Review-Url: https://codereview.chromium.org/1942003002
Cr-Commit-Position: refs/heads/master@{#392126}

third_party/WebKit/LayoutTests/http/tests/security/powerfulFeatureRestrictions/old-powerful-features-on-insecure-origin-expected.txt

@@ -1,7 +1,7 @@
 CONSOLE WARNING: Use of the Application Cache is deprecated on insecure origins. Support will be removed in the future. You should consider switching your application to a secure origin, such as HTTPS. See https://goo.gl/rStTGz for more details.
 CONSOLE WARNING: The devicemotion event is deprecated on insecure origins, and support will be removed in the future. You should consider switching your application to a secure origin, such as HTTPS. See https://goo.gl/rStTGz for more details.
 CONSOLE WARNING: The deviceorientation event is deprecated on insecure origins, and support will be removed in the future. You should consider switching your application to a secure origin, such as HTTPS. See https://goo.gl/rStTGz for more details.
-CONSOLE WARNING: getCurrentPosition() and watchPosition() are deprecated on insecure origins. To use this feature, you should consider switching your application to a secure origin, such as HTTPS. See https://goo.gl/rStTGz for more details.
+CONSOLE WARNING: getCurrentPosition() and watchPosition() no longer work on insecure origins. To use this feature, you should consider switching your application to a secure origin, such as HTTPS. See https://goo.gl/rStTGz for more details.
 CONSOLE WARNING: getUserMedia() no longer works on insecure origins. To use this feature, you should consider switching your application to a secure origin, such as HTTPS. See https://goo.gl/rStTGz for more details.
 CONSOLE WARNING: requestMediaKeySystemAccess() is deprecated on insecure origins in the specification. Support will be removed in the future.
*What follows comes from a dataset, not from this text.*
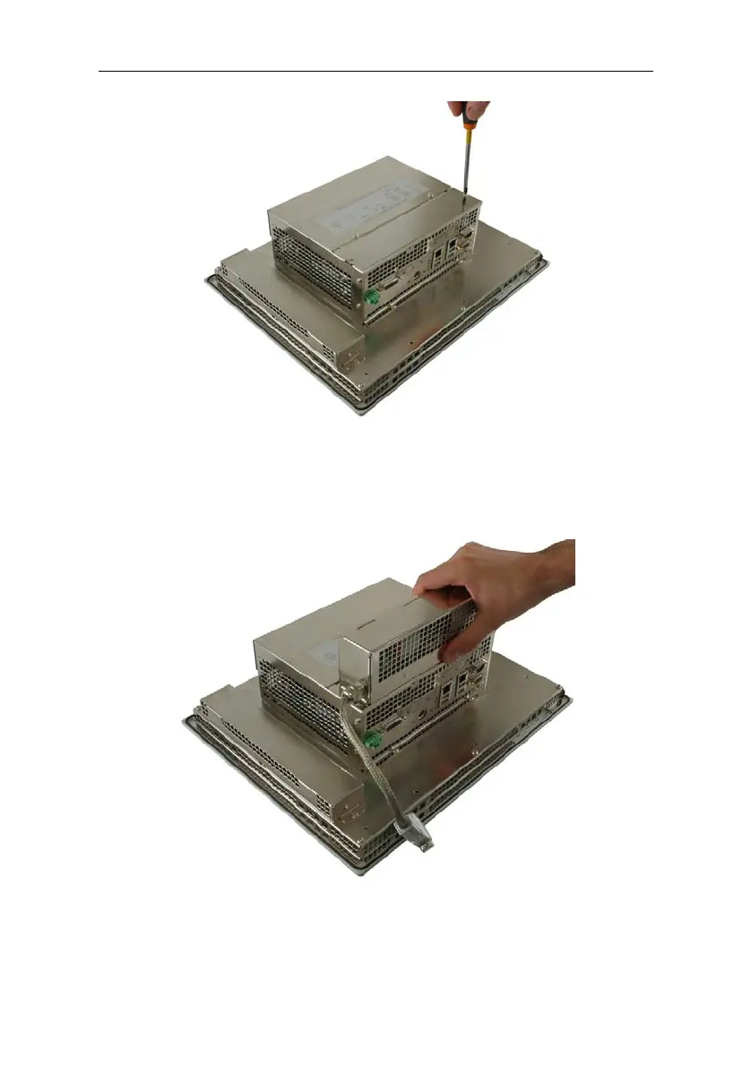 Attach the UPS module to the system with the two screws.
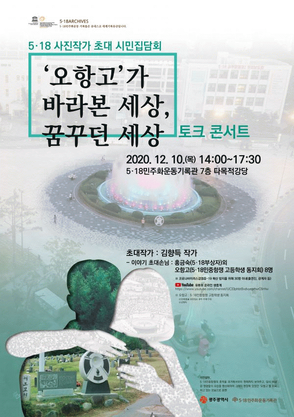 [¹Ìµð¾îÀü³² Á¦°¥´ëÁ¾ ±âÀÚ] 5¡¤18¹ÎÁÖȿ±â·Ï°üÀº ¼¼°è À뱂 ¼±¾ðÀÏÀ» ¸Â¾Æ 10ÀÏ ¿ÀÈÄ 2½Ã 5¡¤18±â·Ï°ü ´Ù¸ñÀû°´ç¿¡¼ ¡®5¡¤18¹ÎÁßÇ×Àï °íµîÇлý µ¿Áöȸ¡¯, À̸¥¹Ù ¡®¿ÀÇ×°í¡¯¸¦ Á¶¸íÇÏ´Â ½Ã¹ÎÁý´ãȸ¸¦ °³ÃÖÇÑ´Ù. 5¡¤18 40ÁÖ³âÀ» ¡¦

You should consider switching your application to a secure origin, such as HTTPS. See https://goo.gl/rStTGz for more details.
 This is a testharness.js-based test.

third_party/WebKit/Source/core/frame/Deprecation.cpp

@@ -292,10 +292,10 @@ String Deprecation::deprecationMessage(UseCounter::Feature feature)
 
     case UseCounter::GeolocationInsecureOrigin:
     case UseCounter::GeolocationInsecureOriginIframe:
-        // TODO(jww): This message should be made less ambigous after WebView
-        // is fixed so geolocation can be removed there. After that, this
-        // should be updated to read similarly to GetUserMediaInsecureOrigin's
-        // message.
+        return "getCurrentPosition() and watchPosition() no longer work on insecure origins. To use this feature, you should consider switching your application to a secure origin, such as HTTPS. See https://goo.gl/rStTGz for more details.";
+
+    case UseCounter::GeolocationInsecureOriginDeprecatedNotRemoved:
+    case UseCounter::GeolocationInsecureOriginIframeDeprecatedNotRemoved:
         return "getCurrentPosition() and watchPosition() are deprecated on insecure origins. To use this feature, you should consider switching your application to a secure origin, such as HTTPS. See https://goo.gl/rStTGz for more details.";
 
     case UseCounter::GetUserMediaInsecureOrigin:

third_party/WebKit/Source/core/frame/UseCounter.h

@@ -1158,6 +1158,8 @@ class CORE_EXPORT UseCounter {
         URLMethodRevokeObjectURLServiceWorker = 1340,
         DocumentCreateEventPaymentRequestUpdateEvent = 1341,
         CredentialManagerGetReturnedCredential = 1342,
+        GeolocationInsecureOriginDeprecatedNotRemoved = 1343,
+        GeolocationInsecureOriginIframeDeprecatedNotRemoved = 1344,
 
         // Add new features immediately above this line. Don't change assigned
         // numbers of any item, and don't reuse removed slots.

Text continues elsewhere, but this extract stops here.